TensorFlow Serving using TensorFlow 2.5.0-rc2
Major Features and Improvements
- Upgrade to CUDA 11.2. (commit: 1975e3e)
- Update TF Text to v2.4.3. (commit: ccfb606)
- Experimental support for XLA/CPU models. (commit: 3c1b2b3)
- Add metrics to the Prometheus API (commit: dfb41f1)
- Support URL reserved characters for REST API (#1726) (commit: dd9c467)
Breaking Changes
- No Breaking changes
Bug Fixes and Other Changes
- Fix typo in REQUIRED_PACKAGES for grpcio (commit: b9ed0f8)
- update resnet_k8s.yaml file (commit: e7b7b33)
- Fix a compile warning thrown by gcc-9 (commit: 38a017d)
- Update json_tensor.cc (commit: a0a9d14)
- Add TfLiteInterpreterPool to make concurrent use of TfliteSession better (commit: d9efa43)
- Enable download of TF Serving sources at arbitrary commit for CPU docker image. (commit: de1ab9e)
- Updated tests to newer API (commit: 30dd2fe)
- When GRPC messages come to TF Serving GRPC server, server will create a new threads to handle each message. (commit: ac0eb73)
- Add dedicated aliases field to ModelServerConfig. (commit: 358f7d1)
- Update docker command line to work with GPUs (Fixes #1768). (commit: b41a28b)
- option to disable grpc over http (commit: f087290)
- use RecordRuntimeLatency (commit: d353931)
- Improve error message for file not exists. (commit: 78d47f7)
- Transition TensorFlow Serving to TensorFlow's new WORKSPACE protocol. (commit: 50a7ef3)
- fix http_rest_api_handler_test (commit: 53da4f8)
- add status label in request_latency (commit: 0483edb)
- fix timing of request_latency (commit: e20c91e)
- fix http_rest_api_handler_test (commit: 6254411)
- Clarifying object values in REST requests to include B64 encoding and similar key:value pair objects. (commit: 0536678)
- Register custom TfLite ParseExample and add benchmark (commit: 20fe3ca)
- Update docker.md (commit: 7ebcd15)
- Pre-allocate memory for certain vectors where the size is known. (commit: e208b6e)
- Updating serving_basic for adjusting serving_basic.md file and making it up2date with TF2.x - including: (commit: cea306a)
- Support URL reserved characters for REST API (#1726) (commit: dd9c467)
- Fixing MKL builds due to missing 'build_with_openmp' option (commit: 0ed23df)
- Implement batch parallelism for tflite sessions (commit: fec1d5d)
- Use LOG_EVERY_N_SEC insted of LOG with local static time variable. (commit: c6b3936)
- Fix TensorFlow Serving build with MKL+OpenMP (commit: ddad074)
- add cors headers (commit: d65914b)
- Remove extra build options for TF Serving (commit: 63acc95)
- Remove hashtable custom op dependencies (commit: bb51722)
- allow http OPTIONS request and add default OPTIONS request handling (commit: 6287cb4)
- Enable aspired version which failed to load to attempt reload. (commit: 2530a33)
- Fixed a compilation error in aspired_versions_manager.cc (commit: 4ca9a4b)
- handle options requests and check if Origin header exists (commit: c512141)
- Add "_r" root event annotation to ProcessBatch events. (commit: e5c3aec)
- Bump minimum bazel version 3.7.2. (commit: 5edcd13)
- Update TensorFlow serving documentation with instructions to bind a host volume.
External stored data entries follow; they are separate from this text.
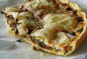 - Répartir la préparation aux épinards sur le fond de tarte, arroser avec le mélange oeufs/lait et recouvrir avec les tranches de fromage à raclette.
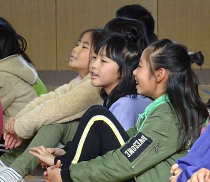 喜んで口ずさむ子どもたち。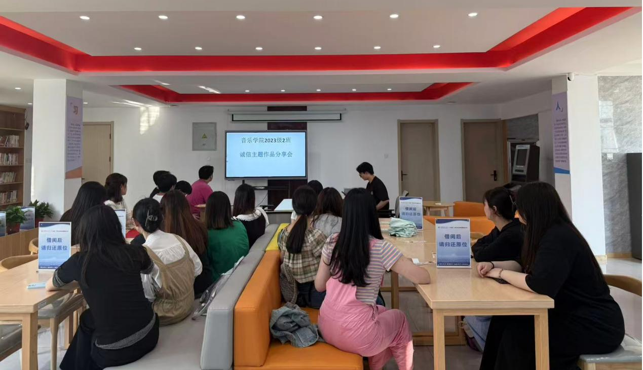 5月29日下午,太阳集团tyc97282023级音乐学2班在10号楼二楼阅览室开展诚信主题作品分享会。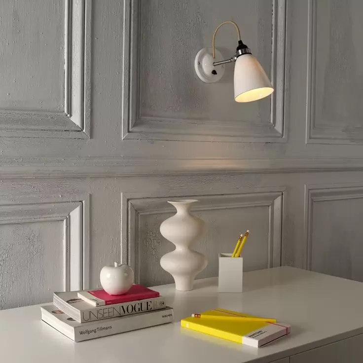 La versión aplique del modelo Carlos, pensado para ambientar e iluminar desde la pared de manera puntual. Ideal para colocar en dormitorios como luz de mesa, baños y pasillos. A diferencia de otros apliques, este modelo cuenta con la novedad de tener un cable textil con un enchufe e interruptor para poder colocar en cualquier pared sin necesidad de tener una boca eléctrica.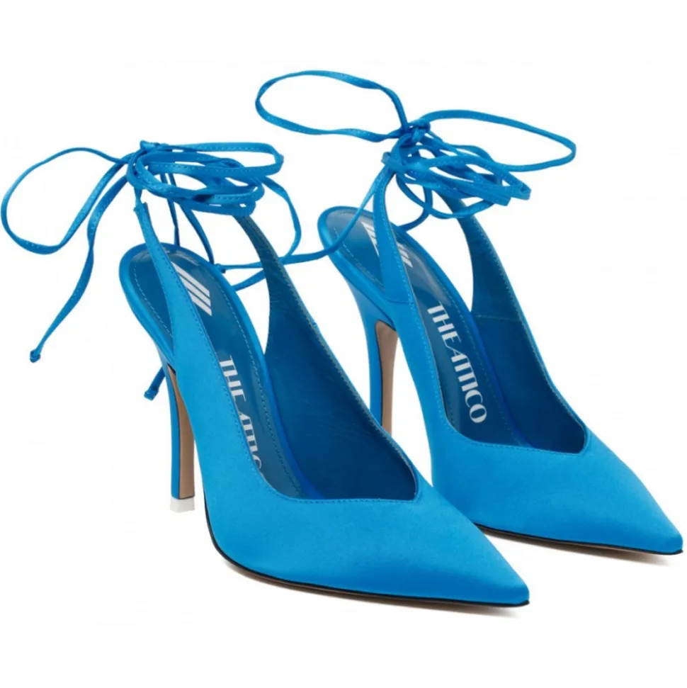 The Attico – Turquoise Fabric and Leather Ankle Tied Pumps – The Attico Exclusive Luxury Collection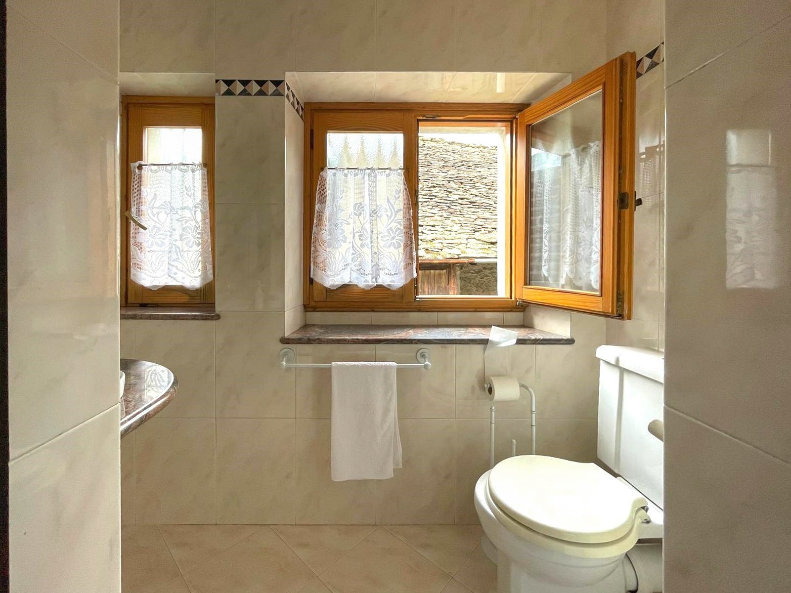 O rés-do-chão dispõe de um amplo hall de entrada, sala de jantar, cozinha com lareira, uma casa de banho e dois compartimentos de cave. O primeiro piso inclui dois quartos, uma sala com painéis de madeira e outra casa de banho. O segundo piso oferece quatro quartos duplos adicionais. O sótão pode ser ampliado, complementado por uma garagem ampla, um celeiro com potencial de aproveitamento e um jardim privado.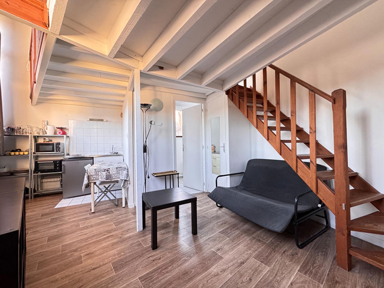 Cet appartement situé au deuxième étage de la copropriété dispose d'une pièce de vie lumineuse grâce ses trois fenêtres parfaitement exposées, un coin cuisine, un espace mezzanine et une salle de bains.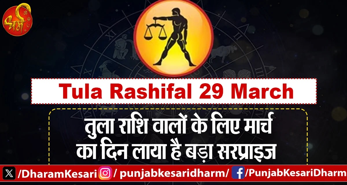 Tula Rashifal 29 March : तुला राशि के जातकों के लिए 29 मार्च का दिन किसी सुनहरे अवसर से कम नहीं होने वाला है। इस दिन चंद्रमा की स्थिति और शुक्र का प्रभाव आपके व्यक्तित्व में निखार लाएगा। यदि आप पिछले कुछ समय से किसी उलझन में थे, तो इस दिन आपको वह बड़ा सरप्राइज मिलने वाला है जिसकी आपने कल्पना भी नहीं की थी।
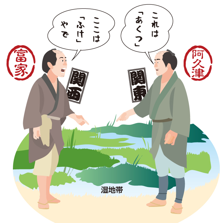 「福家」「富家」「浮気」「泓」など、漢字ではさまざまに書くが、すべて同じ湿地である。つまり「あくつ」さんも「ふけ」さんも、音で聞くと、まるで違う名字だが、ともに湿地に由来するという共通点があるのだ。
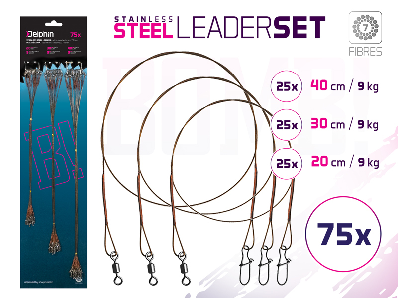 Výhodný set sestávající z oblíbených délek a nosností lanek, z nichž si vyberete vždy to správně na danou situaci během lovu dravých ryb. Oceľové lanko prívlačovej rady BOMB! od značky Delphin je vyhotovené pletením 7 vlákien (označovaných aj ako 1x7) z nehrdzavejúcej ocele. Vyznačuje sa veľmi jemným povrchom a vysokou nosnosťou a odolnosťou voči mechanickému poškodeniu. Lanko je jemné, skvelo sa s ním pracuje a umožňuje dokonalú prezentáciu vašej nástrahy vo vode. Toto lanko neprehryznú ani tie najväčšie vodné predátory! Na jedné straně lanka BOMB! se nachází obratlík a na druhé karabínka. Set ocel. lanek BOMB! S obratl. a karab. / 7 vláken | 75ks/20,30,40cm/9kg Tento výhodný set obsahuje: 25x 20cm/9kg 25x 30cm/9kg 25x 40cm/9kg Velkosti obratlíkov prislúchající k návazcom: 20cm/9kg - obratlík #8, karabínka #0 30cm/9kg - obratlík #8, karabínka #0 40cm/9kg - obratlík #8, karabínka #0 Set ocel. lanek BOMB! S obratl. a karab. / 7 vláken | 75ks/20,30,40cm/12kg Tento výhodný set obsahuje: 25x 20cm/12kg 25x 30cm/12kg 25x 40cm/12kg Velkosti obratlíkov prislúchající k návazcom: 20cm/12kg - obratlík #6, karabínka #1 30cm/12kg - obratlík #6, karabínka #1 40cm/12kg - obratlík #6, karabínka #1 Set ocel. lanek BOMB! S obratl. a karab. / 7 vláken | 75ks/35cm/9,12,15kg Tento výhodný set obsahuje: 25x 35cm/9kg 25x 35cm/12kg 25x 35cm/15kg Velkosti obratlíkov prislúchající k návazcom: 35cm/9kg - obratlík #8, karabínka #0 35cm/12kg - obratlík #6, karabínka #1 35cm/15kg - obratlík #5, karabínka #2

The profiler in the docker will write to this volume, and on the host side TensorBoard will load the profile from the location. (commit: 7c21b22)
- Fix package build due to config move in: (commit: 18dd766)
- Fix memory leak from allocating input tensors (commit: 2f9b6a0)
- Allowing lossy floating point conversions for JSON inputs since JSON has only a single numeric type. This is inline with textproto conversion (and even C++ implicit double -> float conversion). (commit: 57dac6c)
- Adding enable_profiler command line flag. (commit: 7e8720d)
- Add logging in ServerCore. (commit: 623da67)
- Fix zlib. (commit: bc24390)
- Fix broken GPU build by add TF cuda options: (commit: 05377a9)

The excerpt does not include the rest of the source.